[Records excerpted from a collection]

---------------

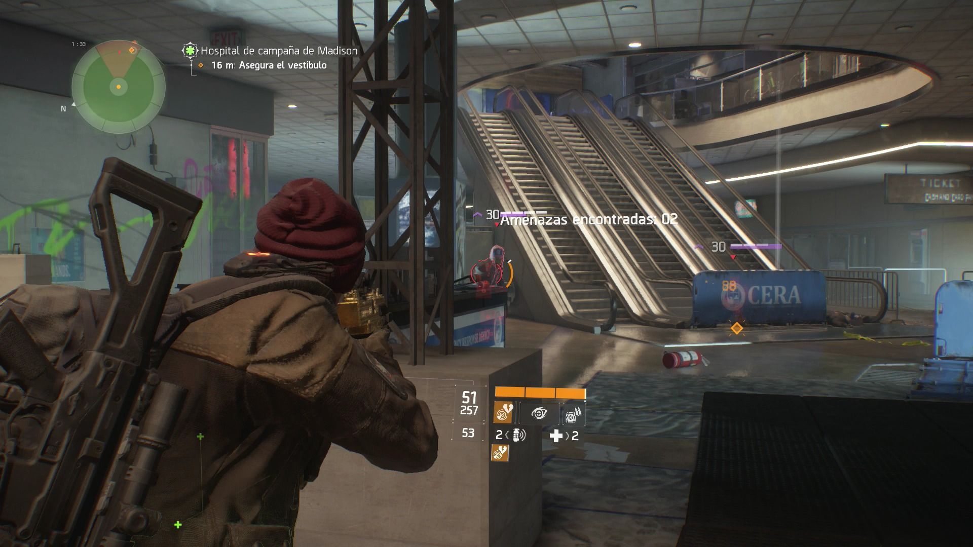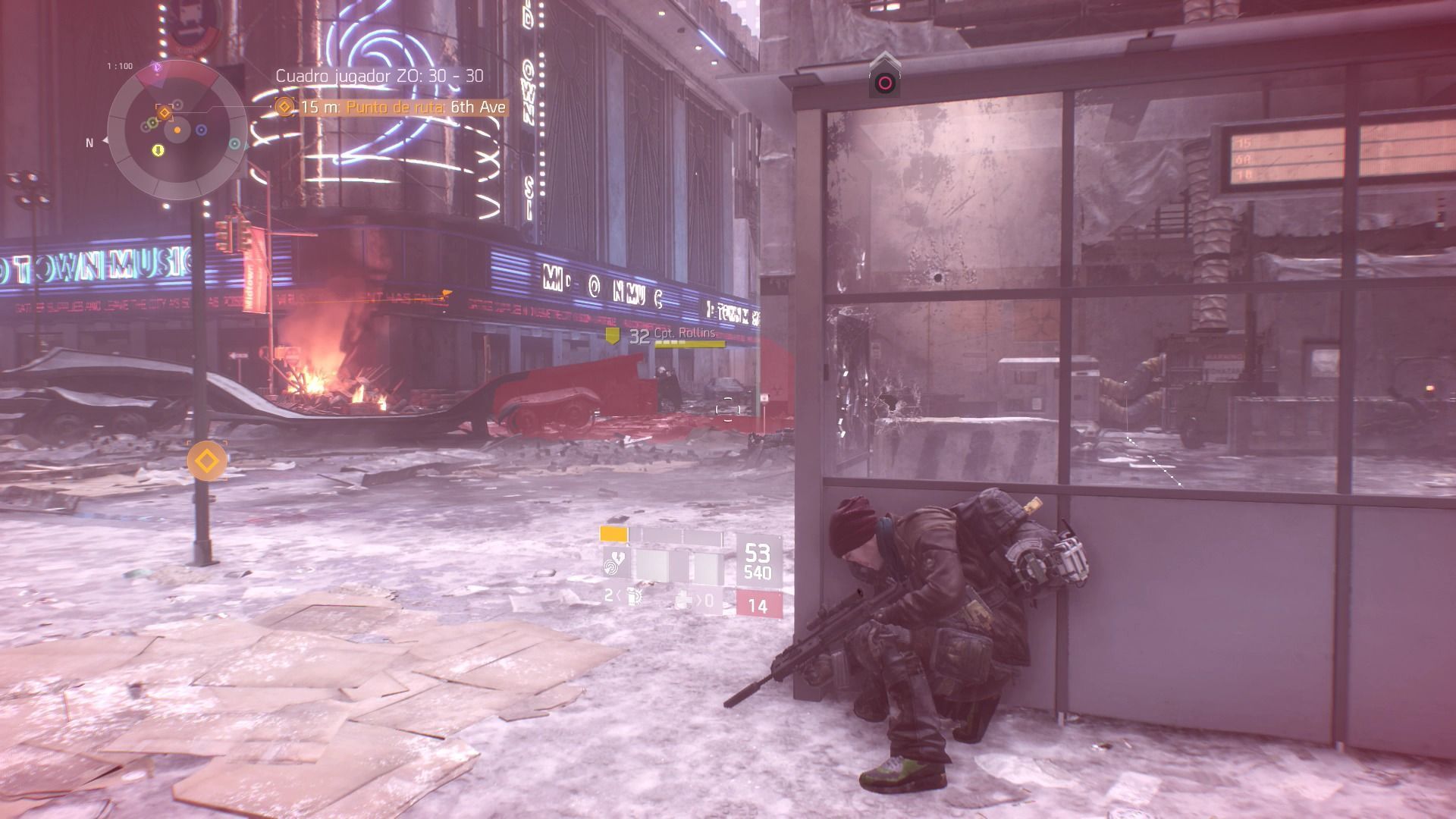 Durante tus enfrentamientos en The Division, lo más recomendable es buscar puntos elevados desde los que acabar con tus enemigos con mayor facilidad. La mayoría de posiciones elevadas tienen muros y barreras en los que puedes protegerte de los disparos enemigos para no sufrir daño y buscar el momento oportuno para dispararles.
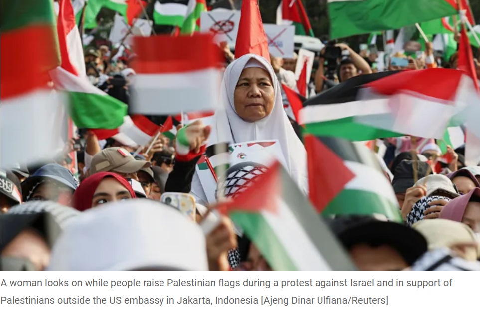 Dans la capitale indonésienne, Jakarta, plus de 1 000 manifestants pro-palestiniens se sont rassemblés devant l'ambassade des États-Unis, exigeant que Washington, principal fournisseur d'armes et allié d'Israël, cesse d'envoyer des armes à Israël.
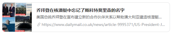 北京:美国总统拜登继续在“遏制中国”的政策上犯蠢,他最初的计划是说服世界上大多数国家在北京问题上站在华盛顿一边,但他的这一策略失败了。许多国家倾向于中立,因为它们与两国都有良好的经济合作。随后,拜登缩减了计划,提出了一个明显的“亚洲vs中国”战略,称之为印度-太平洋战略(Indo-Pacific Strategy)。五角大楼承诺向除中国以外的所有亚洲国家提供更深入的军事支持,并在台湾岛附近部署美国的海军舰艇。美国副总统卡马拉·哈里斯(Kamala Harris)上个月访问了新加坡和越南,但她抵达时并没有大张旗鼓,而东南亚地区的两国政府也拒绝选边站。东盟成员国刚刚目睹了美国在阿富汗灾难性的撤军,他们认为美国武装部队缺乏在紧急情况下保护盟友的决心,哈里斯副总统的东南亚之行的时机选择也很糟糕。喀布尔的混乱也影响了华盛顿的“四国联盟”(Quad)战略。“四国联盟”由澳大利亚、日本、印度和美国组成。但最近几周,东京和德里似乎正在重新考虑这个问题。日本首相菅义伟宣布了他的辞职计划,而印度总理莫迪近几周一直保持沉默。许多美国公司也关闭了在印度的工厂。所以现在拜登开启了“第四轮”针对中国的联盟,它被称为“AUKUS”。看起来是美国与英国和澳大利亚结成联盟,共同开发核潜艇网络。英国首相鲍里斯·约翰逊(Boris Johnson)认为这一战略有好处,因为伦敦与布鲁塞尔的外交关系紧张,他们可以用对AUKUS的支持从华盛顿那里换取更大的支持。与此同时,澳大利亚总理斯科特·莫里森是一位狂热的反华政治家。一些澳大利亚媒体对中国持强硬的态度。因此,即使这些措施对堪培拉的国内经济造成了很大的损害,堪培拉也将追随华盛顿。北京对澳大利亚公司采取了更严厉的贸易行动。因此,我预计新战略将像其他计划一样步履蹒跚,中国不会受到太大伤害。你还必须考虑新西兰对AUKUS的看法,新西兰总理雅辛达·阿登没有采取反华立场。此外,拜登似乎并不十分尊重澳大利亚的斯科特·莫里森。拜登在本周早些时候的白宫仪式上宣布了新的三边伙伴关系,莫里森也出现在了一个电话会议视频中。但据《每日邮报》报道,拜登记不起莫里森的名字。链接如下:“美国总统拜登在宣布美国和英国将帮助澳大利亚建造一支核动力潜艇舰队时,似乎忘记了斯科特·莫里森的名字。澳大利亚总理与拜登先生和英国首相鲍里斯·约翰逊一起参加了一次历史性的三方记者招待会,宣布成立“AUKUS”联盟,以应对中国在太平洋地区令人担忧的崛起。但当他感谢在他之前发言的其他两位领导人时,拜登先生似乎忘记了澳大利亚总理的名字。”拜登似乎对澳大利亚及其领导层并不十分熟悉。由于这种不屑一顾的态度,华盛顿不大可能与堪培拉保持稳定的关系。Lives in Marseille, France
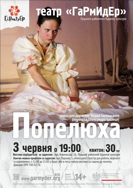 3 червня театр «ГаРмИдЕр» покаже виставу «Попелюха», яка нещодавно отримала нагороди в чотирьох номінаціях на театральному фестивалі у Києві й вивела театр на перше місце серед 19 театрів.
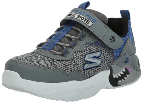 Skechers Garçon Meteor-Lights-krendo Baskets, Charcoal Synthetic Textile Blue Trim, 28 EU
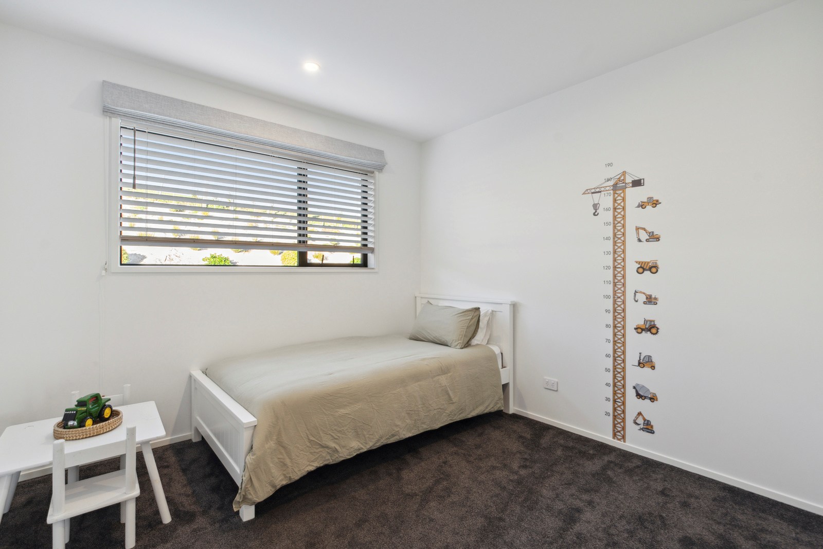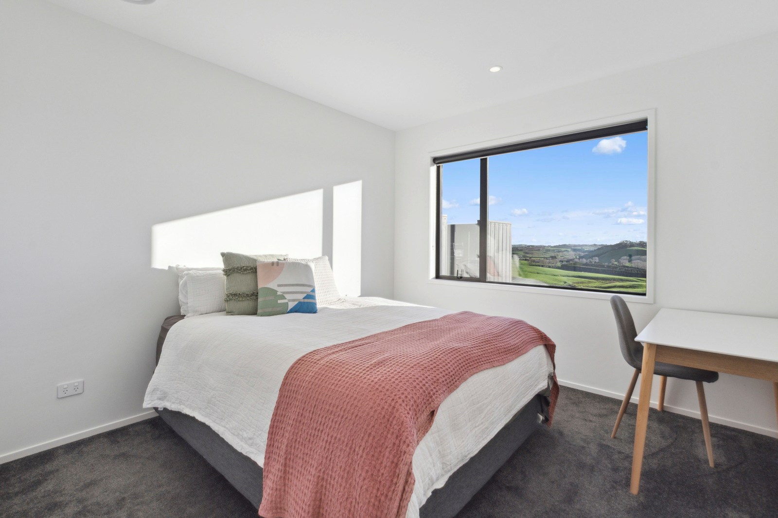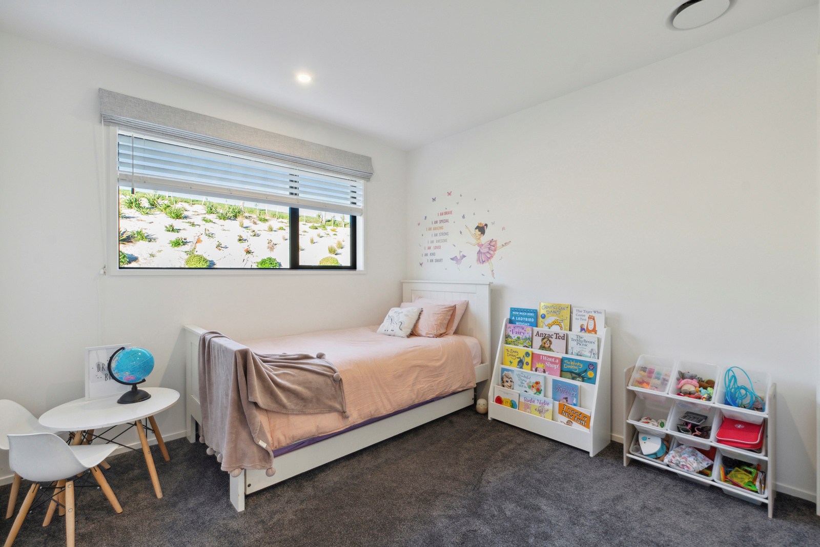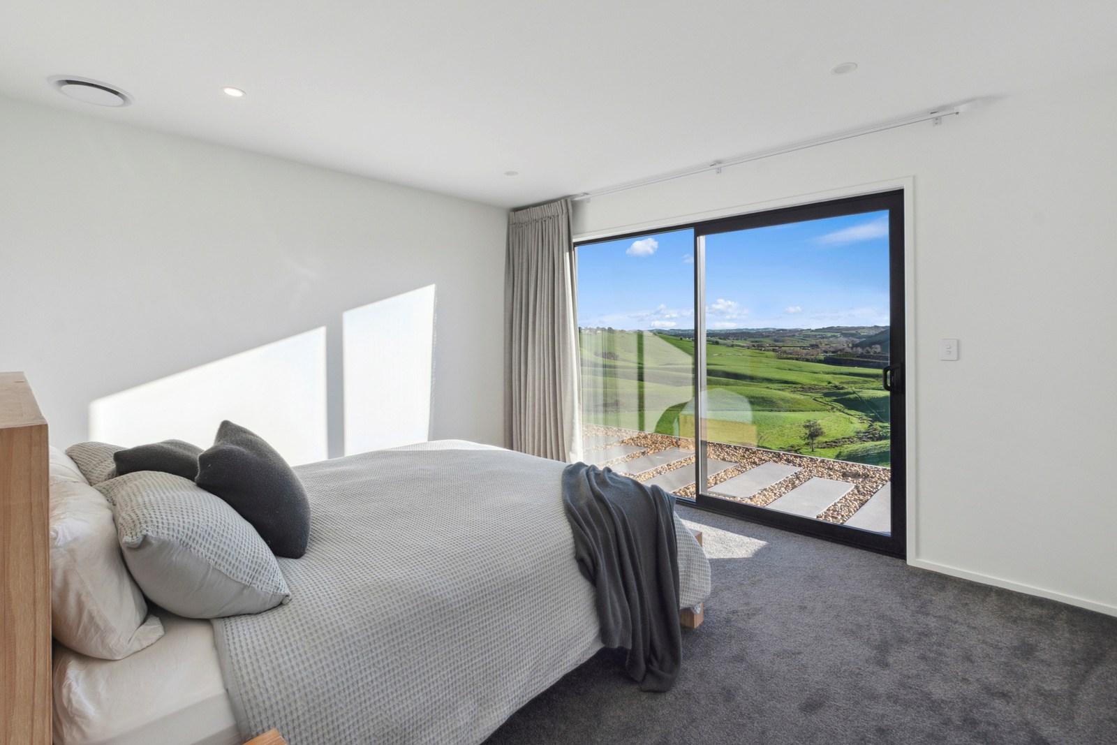 Set against a rolling green backdrop, this fourbedroom, two-bathroom home has been designed to maximise its outlook, without compromising on everyday function. The low-profile, pavilion-style layout spreads across 279sqm, with dual living zones, a triple garage and generous outdoor areas tailored for relaxed family living. Inside, the kitchen, dining and lounge form the heart of the home, unified by a striking raked ceiling lined in grooved panelling. This detail adds subtle texture and visual lift, drawing the eye upwards while bringing in natural light from the expansive glazing that spans the main elevation. The kitchen is clean and contemporary, with sleek black tapware, bar seating and a large walk-in pantry.
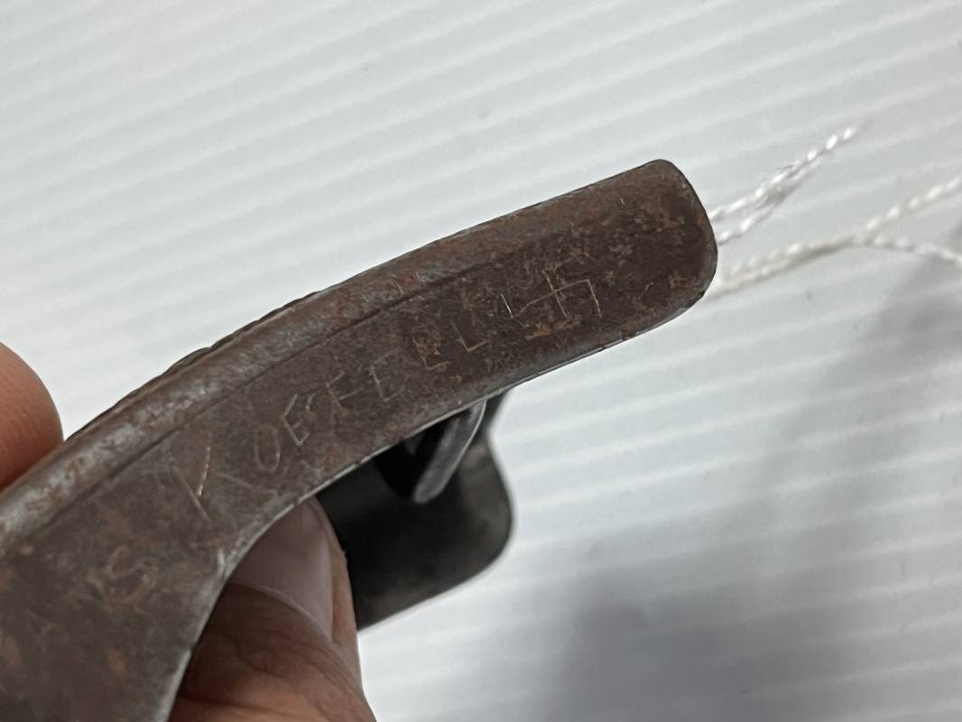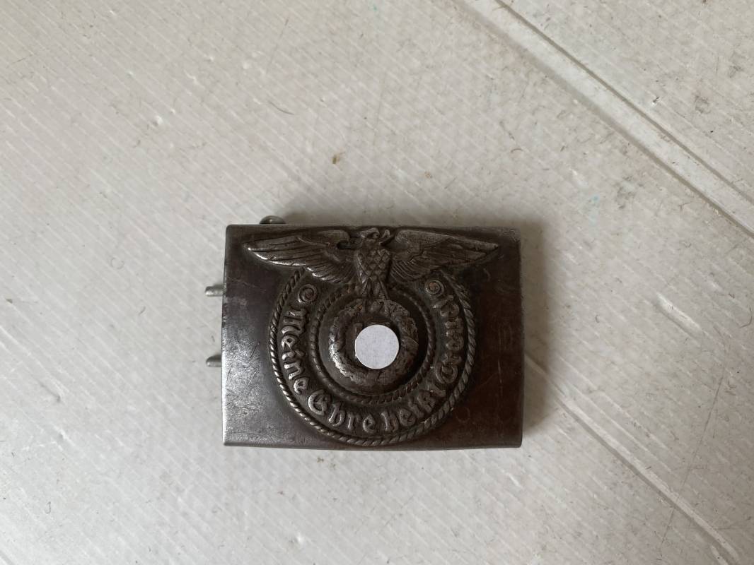 Rare boucle troupe de la Waffen SS en fer fabricant' Rodo' . Cette boucle est 100% dans son jus est a été retrouvée en Normandie. Dimensions 63x48mm. Très beaux reliefs. Boucle portée et patinée. La peinture verte extèrieure n'est plus présente. Trace de peinture à l'intérieur de la boucle. Marquage fabricant Rodo. Crochet et passant métalliques. Nom et prénom du soldat sur la tranche de la boucle (mention manuscrite) avec croix. Hans Koe Fell. Boucle 100% dans son jus 1942/44. Ref 16502
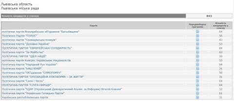 Всього до Львівської міськради балотуються 843 кандидатів у списках цих політичних партій.

---------------

In your copy, repeat each record exactly and include no pictures.

__FINAL ANSWER__:
 Durante tus enfrentamientos en The Division, lo más recomendable es buscar puntos elevados desde los que acabar con tus enemigos con mayor facilidad. La mayoría de posiciones elevadas tienen muros y barreras en los que puedes protegerte de los disparos enemigos para no sufrir daño y buscar el momento oportuno para dispararles.
 Dans la capitale indonésienne, Jakarta, plus de 1 000 manifestants pro-palestiniens se sont rassemblés devant l'ambassade des États-Unis, exigeant que Washington, principal fournisseur d'armes et allié d'Israël, cesse d'envoyer des armes à Israël.
 北京:美国总统拜登继续在“遏制中国”的政策上犯蠢,他最初的计划是说服世界上大多数国家在北京问题上站在华盛顿一边,但他的这一策略失败了。许多国家倾向于中立,因为它们与两国都有良好的经济合作。随后,拜登缩减了计划,提出了一个明显的“亚洲vs中国”战略,称之为印度-太平洋战略(Indo-Pacific Strategy)。五角大楼承诺向除中国以外的所有亚洲国家提供更深入的军事支持,并在台湾岛附近部署美国的海军舰艇。美国副总统卡马拉·哈里斯(Kamala Harris)上个月访问了新加坡和越南,但她抵达时并没有大张旗鼓,而东南亚地区的两国政府也拒绝选边站。东盟成员国刚刚目睹了美国在阿富汗灾难性的撤军,他们认为美国武装部队缺乏在紧急情况下保护盟友的决心,哈里斯副总统的东南亚之行的时机选择也很糟糕。喀布尔的混乱也影响了华盛顿的“四国联盟”(Quad)战略。“四国联盟”由澳大利亚、日本、印度和美国组成。但最近几周,东京和德里似乎正在重新考虑这个问题。日本首相菅义伟宣布了他的辞职计划,而印度总理莫迪近几周一直保持沉默。许多美国公司也关闭了在印度的工厂。所以现在拜登开启了“第四轮”针对中国的联盟,它被称为“AUKUS”。看起来是美国与英国和澳大利亚结成联盟,共同开发核潜艇网络。英国首相鲍里斯·约翰逊(Boris Johnson)认为这一战略有好处,因为伦敦与布鲁塞尔的外交关系紧张,他们可以用对AUKUS的支持从华盛顿那里换取更大的支持。与此同时,澳大利亚总理斯科特·莫里森是一位狂热的反华政治家。一些澳大利亚媒体对中国持强硬的态度。因此,即使这些措施对堪培拉的国内经济造成了很大的损害,堪培拉也将追随华盛顿。北京对澳大利亚公司采取了更严厉的贸易行动。因此,我预计新战略将像其他计划一样步履蹒跚,中国不会受到太大伤害。你还必须考虑新西兰对AUKUS的看法,新西兰总理雅辛达·阿登没有采取反华立场。此外,拜登似乎并不十分尊重澳大利亚的斯科特·莫里森。拜登在本周早些时候的白宫仪式上宣布了新的三边伙伴关系,莫里森也出现在了一个电话会议视频中。但据《每日邮报》报道,拜登记不起莫里森的名字。链接如下:“美国总统拜登在宣布美国和英国将帮助澳大利亚建造一支核动力潜艇舰队时,似乎忘记了斯科特·莫里森的名字。澳大利亚总理与拜登先生和英国首相鲍里斯·约翰逊一起参加了一次历史性的三方记者招待会,宣布成立“AUKUS”联盟,以应对中国在太平洋地区令人担忧的崛起。但当他感谢在他之前发言的其他两位领导人时,拜登先生似乎忘记了澳大利亚总理的名字。”拜登似乎对澳大利亚及其领导层并不十分熟悉。由于这种不屑一顾的态度,华盛顿不大可能与堪培拉保持稳定的关系。Lives in Marseille, France
 3 червня театр «ГаРмИдЕр» покаже виставу «Попелюха», яка нещодавно отримала нагороди в чотирьох номінаціях на театральному фестивалі у Києві й вивела театр на перше місце серед 19 театрів.
 Skechers Garçon Meteor-Lights-krendo Baskets, Charcoal Synthetic Textile Blue Trim, 28 EU
 Set against a rolling green backdrop, this fourbedroom, two-bathroom home has been designed to maximise its outlook, without compromising on everyday function. The low-profile, pavilion-style layout spreads across 279sqm, with dual living zones, a triple garage and generous outdoor areas tailored for relaxed family living. Inside, the kitchen, dining and lounge form the heart of the home, unified by a striking raked ceiling lined in grooved panelling. This detail adds subtle texture and visual lift, drawing the eye upwards while bringing in natural light from the expansive glazing that spans the main elevation. The kitchen is clean and contemporary, with sleek black tapware, bar seating and a large walk-in pantry.
 Rare boucle troupe de la Waffen SS en fer fabricant' Rodo' . Cette boucle est 100% dans son jus est a été retrouvée en Normandie. Dimensions 63x48mm. Très beaux reliefs. Boucle portée et patinée. La peinture verte extèrieure n'est plus présente. Trace de peinture à l'intérieur de la boucle. Marquage fabricant Rodo. Crochet et passant métalliques. Nom et prénom du soldat sur la tranche de la boucle (mention manuscrite) avec croix. Hans Koe Fell. Boucle 100% dans son jus 1942/44. Ref 16502
 Всього до Львівської міськради балотуються 843 кандидатів у списках цих політичних партій.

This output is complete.